Step 1: Create a .env file:

APP_PORT=8443
APP_URL=http://localhost:${APP_PORT}
DATABASE_URL=postgres://localhost:5432/mydb
IS_PRODUCTION=false
MAX_CONNECTIONS=100
ALLOWED_ORIGINS=https://app.com,https://admin.com

JavaScript Example (Functional API):

import { Envapter, Converters } from 'envapt';

// Basic usage
const port = Envapter.getNumber('APP_PORT', 3000);
const url = Envapter.get('APP_URL', 'http://localhost:3000');
const isProduction = Envapter.isProduction;

console.log(`Server running on port ${port}`); // 8443
console.log(`URL: ${url}`); // "http://localhost:8443"

// Advanced converters
const corsOrigins = Envapter.getUsing('ALLOWED_ORIGINS', Converters.Array, []);
const dbConfig = Envapter.getUsing('DATABASE_CONFIG', Converters.Json, {});

// Multi-key lookup: try primary, then replica, then fall back
const dbUrl = Envapter.get(['PRIMARY_DB_URL', 'REPLICA_DB_URL'], 'sqlite://memory');
const httpPort = Envapter.getNumber(['APP_PORT', 'PORT'], 3000);

// Tagged template literals
const message = Envapter.resolve`Server ${'APP_URL'} is ready!`;
console.log(message); // "Server http://localhost:8443 is ready!"

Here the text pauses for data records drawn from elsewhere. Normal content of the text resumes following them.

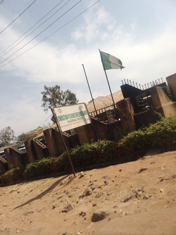 The image displays the exterior of the Christian Pilgrims Welfare Board, Plateau State, situated in Jos, Nigeria
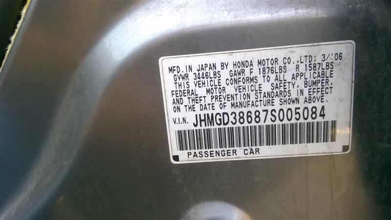 2007 HONDA FIT Part:590 Stock:15219 Engine Control Module 3-06,1.5L,AOD,GRAY 07-08 Electronic Control Module; (RH Kick Panel) US Market Base AT R01151411
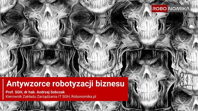 Antywzorce to powtarzające się przypadki niewłaściwego zachowania albo rozwiązywania określonego problemu / problemów. Identyfikacja i analiza antywzorców pozwala uniknąć ich w przyszłości. W Polsce przedsięwzięcia dotyczące szeroko rozumianej robotyzacji biznesu (zarówno robotyzacji procesów za pomocą narzędzi RPA, a także kanałów komunikacji – za pomocą voicebotów, chatbotów, taskbotów) są w stosunkowo wstępnej fazie. W wielu miejscach działania te traktowane są jako przedsięwzięcia typu PoC, eksperymenty, innowacje. Znaczna część organizacji nie ma jeszcze dużych doświadczeń w tym obszarze. Dlatego celem prezentacji jest usystematyzowanie i przedstawienie antywzorców robotyzacji biznesowej – aby można było “uczyć się na błędach, najlepiej cudzych”.
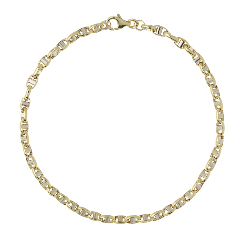 Bracciale Uomo Oro Bianco Giallo GL101954 Bracciale da uomo in oro bianco e giallo 750 (18 KT). Bracciale a catena maglia marina tubolare, larghezza 0,35 cm. La lunghezza del bracciale è di 21 cm. Il peso del bracciale è di 3,80 grammi. Referenza: GL101954 Un accessorio elegante e versatile che unisce la raffinatezza dell’oro bianco e l’intramontabile fascino dell’oro giallo. Questo bracciale si abbina perfettamente a orologi dal cinturino in metallo o in pelle, per un look completo e armonioso. Ottimo come regalo per celebrare traguardi importanti o per arricchire la tua collezione di gioielli con un pezzo dal design esclusivo.
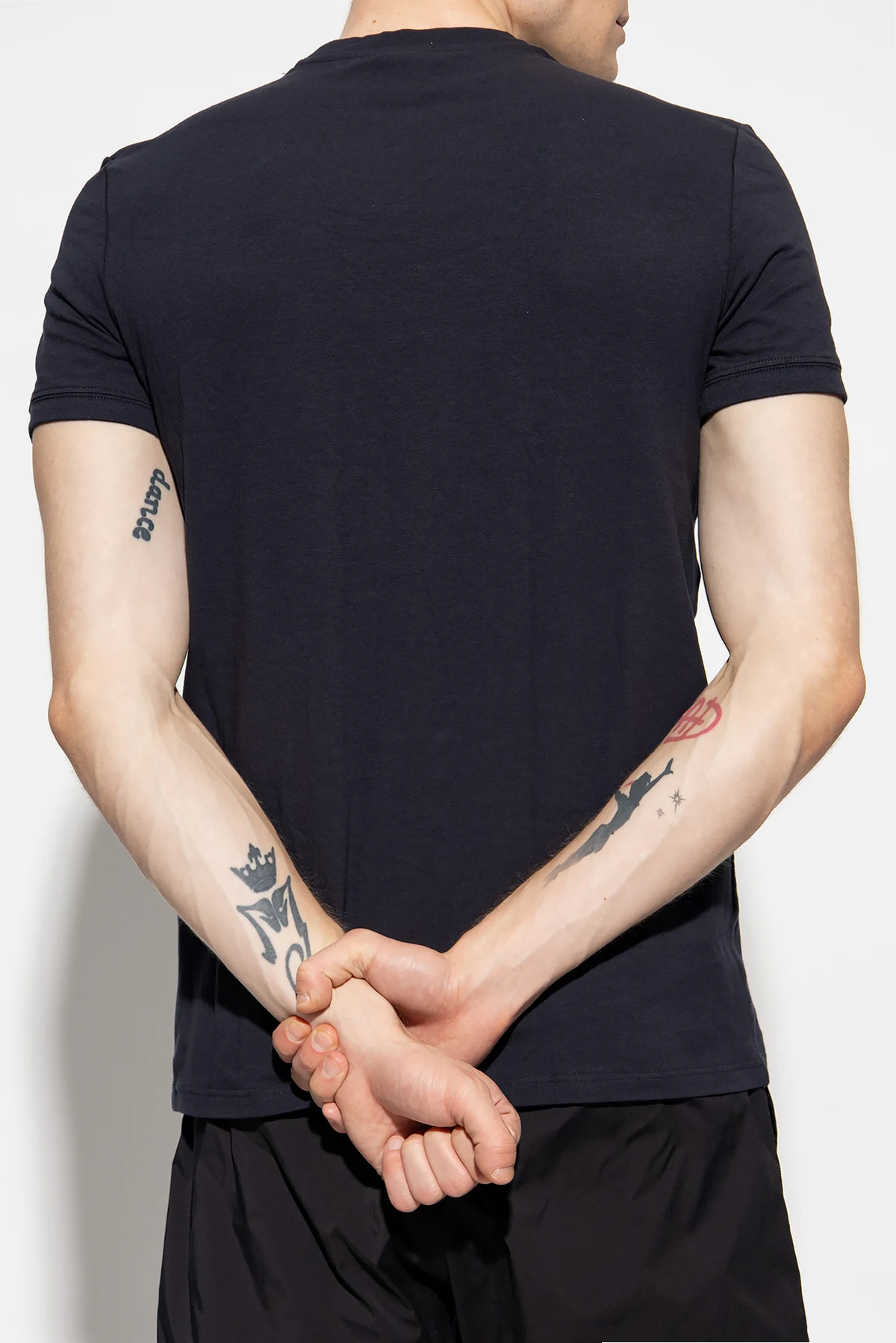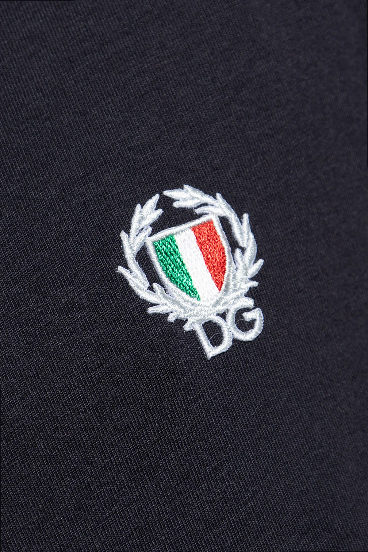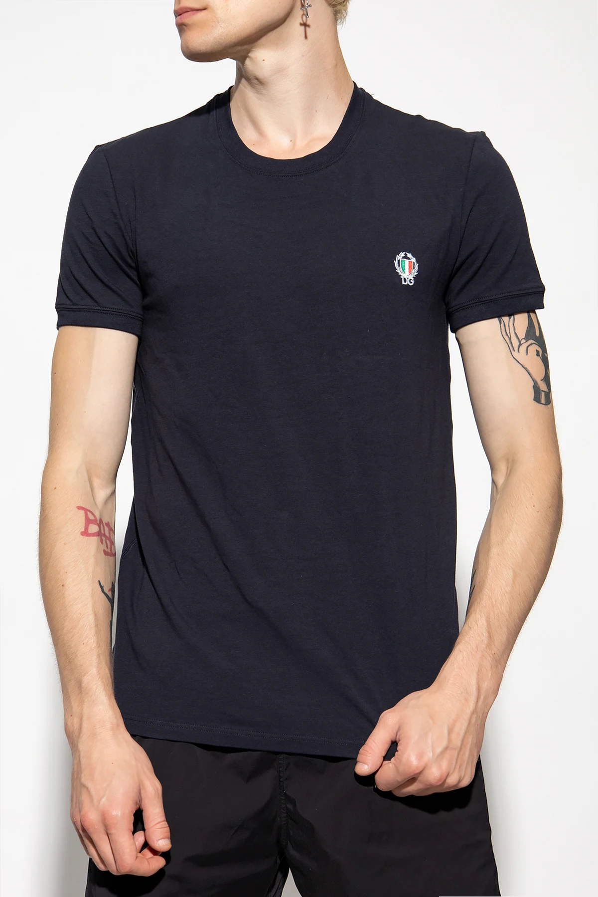 Navy T-shirt from Dolce & Gabbana, the ‘Underwear’ collection. Made of cotton, this short sleeve design features a white, red and green logo patch as well as a ribbed crew neck.

TypeScript Example (Decorator API):

import { Envapt, Envapter, Converters } from 'envapt';

// Global app configuration (static properties)
class AppConfig extends Envapter {
    @Envapt('APP_PORT', 3000)
    static readonly port: number;

    // The Classic Syntax only works for Primitive Converters. Converters.Url is a Built-in Converter.
    @Envapt('APP_URL', { fallback: new URL('http://localhost:3000'), converter: Converters.Url })
    static readonly url: URL;

    // Prefer CLOUD_REDIS_URL but fall back to classic REDIS_URL when missing
    @Envapt(['CLOUD_REDIS_URL', 'REDIS_URL'], 'redis://localhost:6379')
    static readonly redisUrl: string;

    @Envapt('ALLOWED_ORIGINS', {
        fallback: ['http://localhost:3000'],
        converter: Converters.Array
    })
    static readonly allowedOrigins: string[];
}

// Service configuration (instance properties)
class DatabaseService {
    @Envapt('DATABASE_URL', 'sqlite://memory')
    declare readonly databaseUrl: string;

    // Will detect that '10' is a number and set the runtime type accordingly
    @Envapt('MAX_CONNECTIONS', 10)
    declare readonly maxConnections: number;

    @Envapt('REQUEST_TIMEOUT', { converter: Converters.Time, fallback: 5000 })
    declare readonly timeout: number; // Converts "5s" to 5000ms

    async connect() {
        console.log(`Connecting to ${this.databaseUrl}`);
        // Connection logic here
    }
}

// Usage
console.log(AppConfig.port); // 8443 (number)
console.log(AppConfig.url.href); // "http://localhost:8443"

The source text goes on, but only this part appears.